Records from a dataset:
== Segment start ==
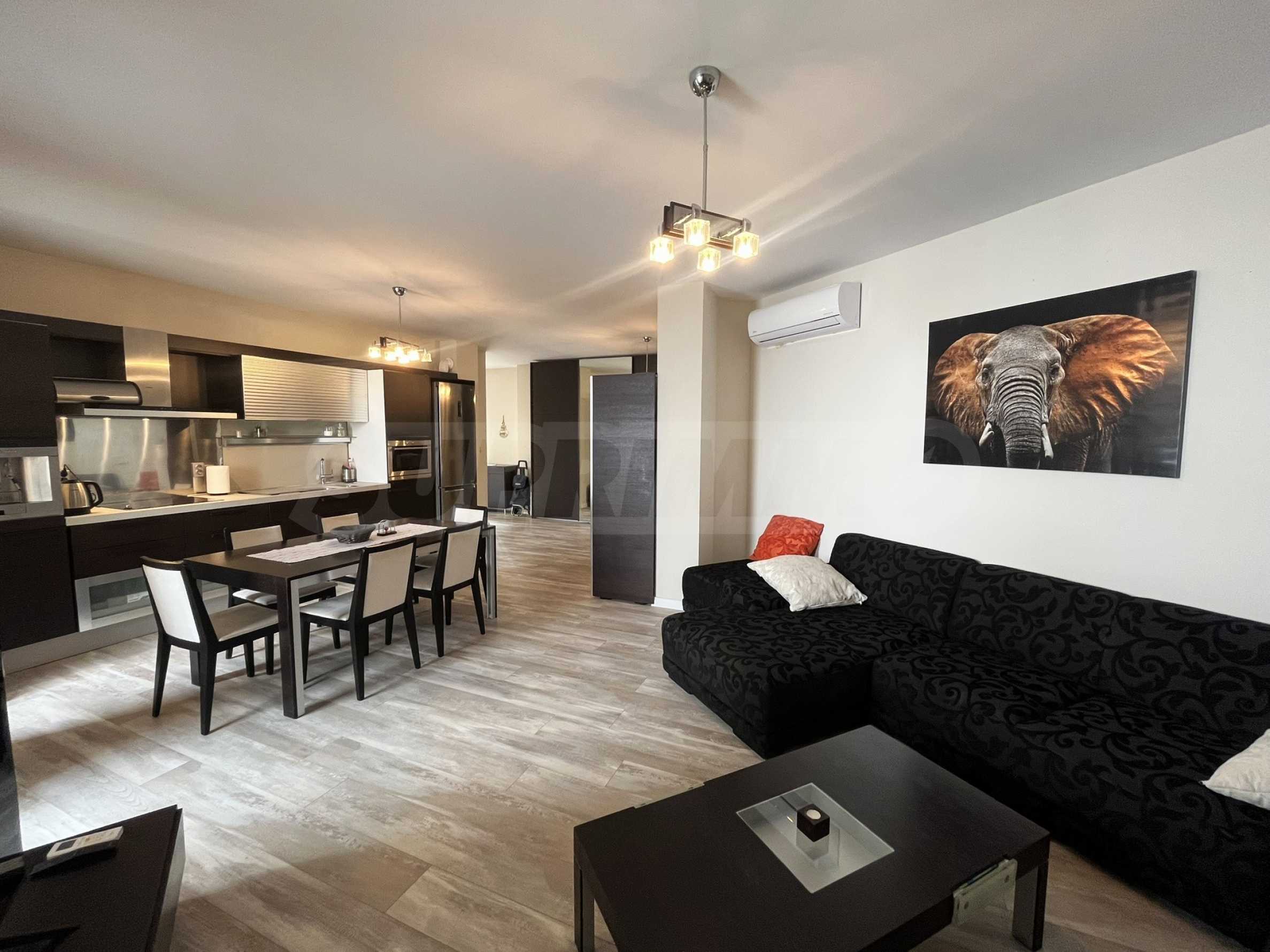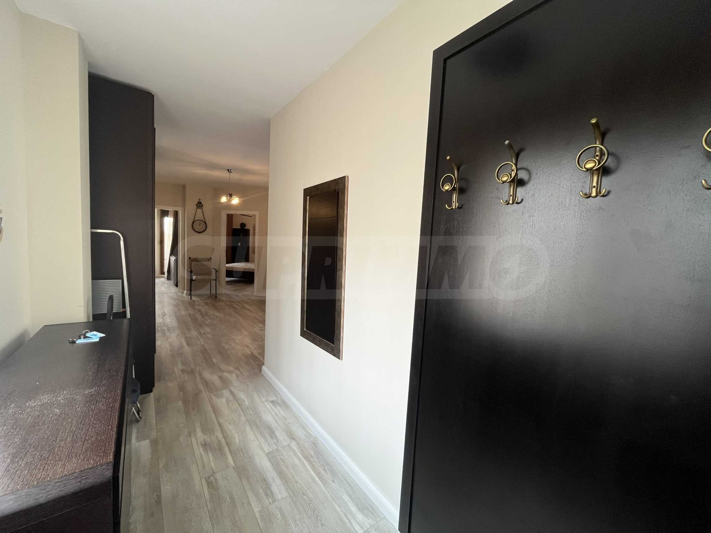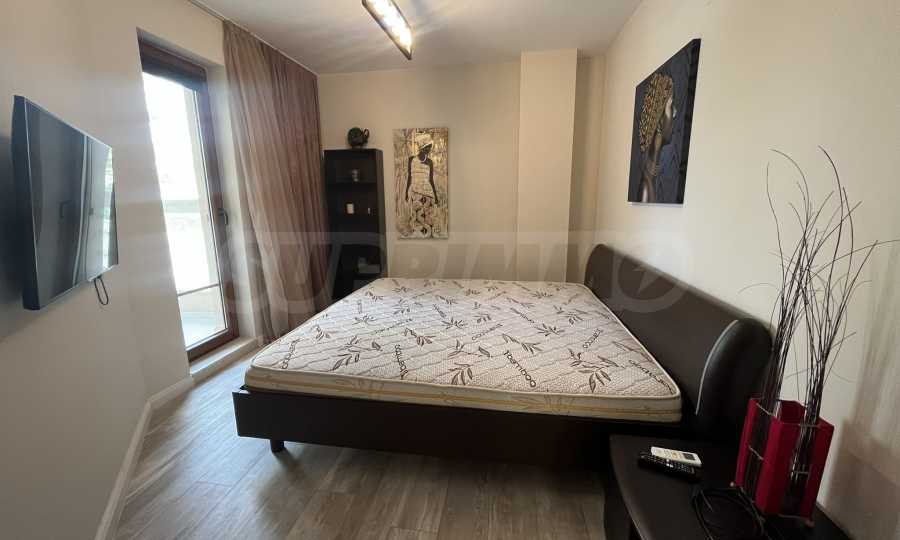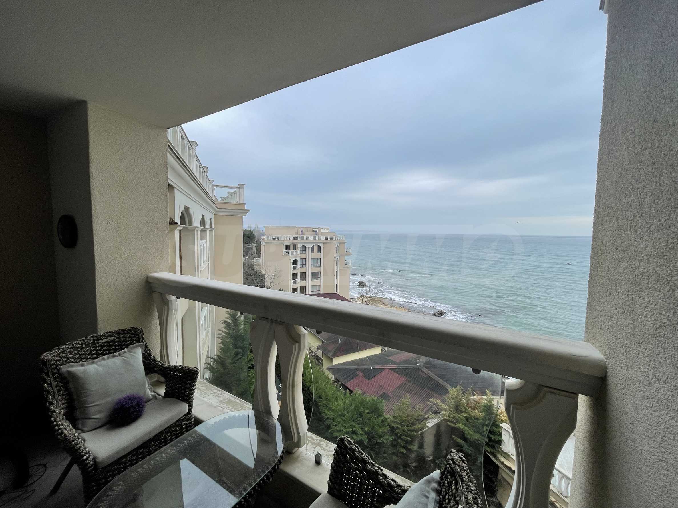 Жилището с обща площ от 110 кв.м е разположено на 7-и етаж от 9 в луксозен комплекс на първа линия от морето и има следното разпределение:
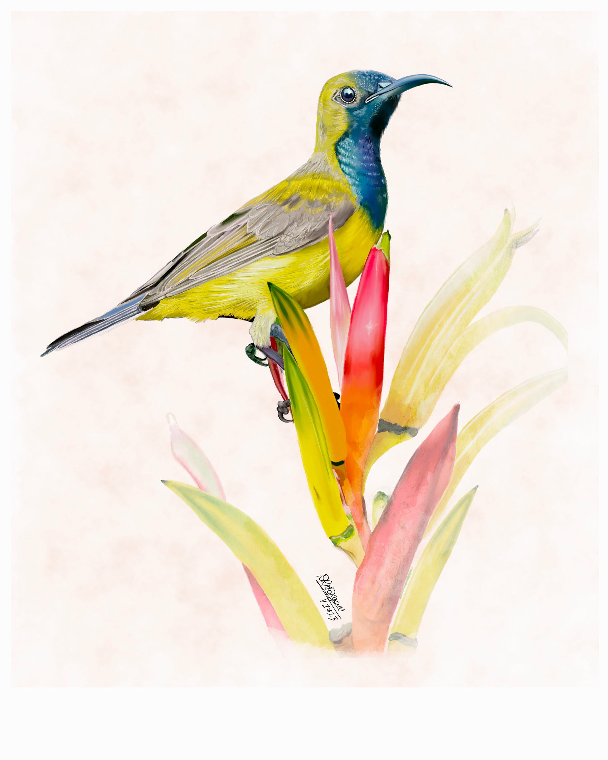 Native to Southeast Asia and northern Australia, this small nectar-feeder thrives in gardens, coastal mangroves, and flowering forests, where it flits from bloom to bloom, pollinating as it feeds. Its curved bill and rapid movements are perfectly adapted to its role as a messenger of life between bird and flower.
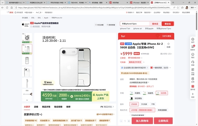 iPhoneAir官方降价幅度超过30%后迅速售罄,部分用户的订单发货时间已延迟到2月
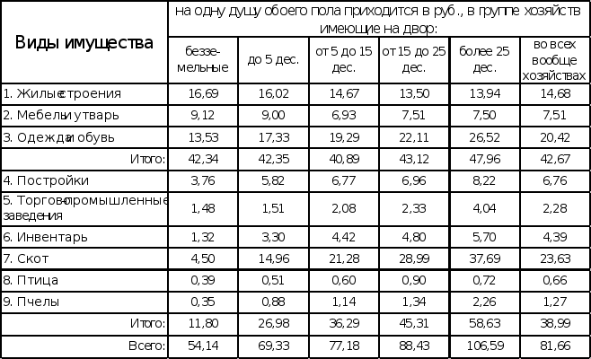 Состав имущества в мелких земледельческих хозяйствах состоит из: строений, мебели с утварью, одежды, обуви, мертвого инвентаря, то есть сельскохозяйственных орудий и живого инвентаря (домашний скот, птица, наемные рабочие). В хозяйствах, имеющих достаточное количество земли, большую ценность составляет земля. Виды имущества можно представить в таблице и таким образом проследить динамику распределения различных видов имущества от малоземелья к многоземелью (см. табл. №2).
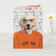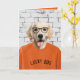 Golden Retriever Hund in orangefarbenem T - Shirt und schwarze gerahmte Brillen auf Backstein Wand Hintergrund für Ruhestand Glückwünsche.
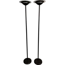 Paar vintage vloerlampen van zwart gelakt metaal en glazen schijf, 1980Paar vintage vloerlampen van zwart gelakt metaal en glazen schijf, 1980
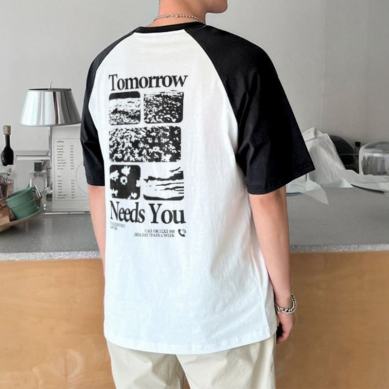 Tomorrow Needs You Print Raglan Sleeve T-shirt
== Segment end ==
TASK GOAL:
From the line containing "Native to Southeast" down to the last line of the data, print every line exactly and nothing else. Pictures stay out of the copy.

ANSWER TO THE EXERCISE:
 Native to Southeast Asia and northern Australia, this small nectar-feeder thrives in gardens, coastal mangroves, and flowering forests, where it flits from bloom to bloom, pollinating as it feeds. Its curved bill and rapid movements are perfectly adapted to its role as a messenger of life between bird and flower.
 iPhoneAir官方降价幅度超过30%后迅速售罄,部分用户的订单发货时间已延迟到2月
 Состав имущества в мелких земледельческих хозяйствах состоит из: строений, мебели с утварью, одежды, обуви, мертвого инвентаря, то есть сельскохозяйственных орудий и живого инвентаря (домашний скот, птица, наемные рабочие). В хозяйствах, имеющих достаточное количество земли, большую ценность составляет земля. Виды имущества можно представить в таблице и таким образом проследить динамику распределения различных видов имущества от малоземелья к многоземелью (см. табл. №2).
 Golden Retriever Hund in orangefarbenem T - Shirt und schwarze gerahmte Brillen auf Backstein Wand Hintergrund für Ruhestand Glückwünsche.
 Paar vintage vloerlampen van zwart gelakt metaal en glazen schijf, 1980Paar vintage vloerlampen van zwart gelakt metaal en glazen schijf, 1980
 Tomorrow Needs You Print Raglan Sleeve T-shirt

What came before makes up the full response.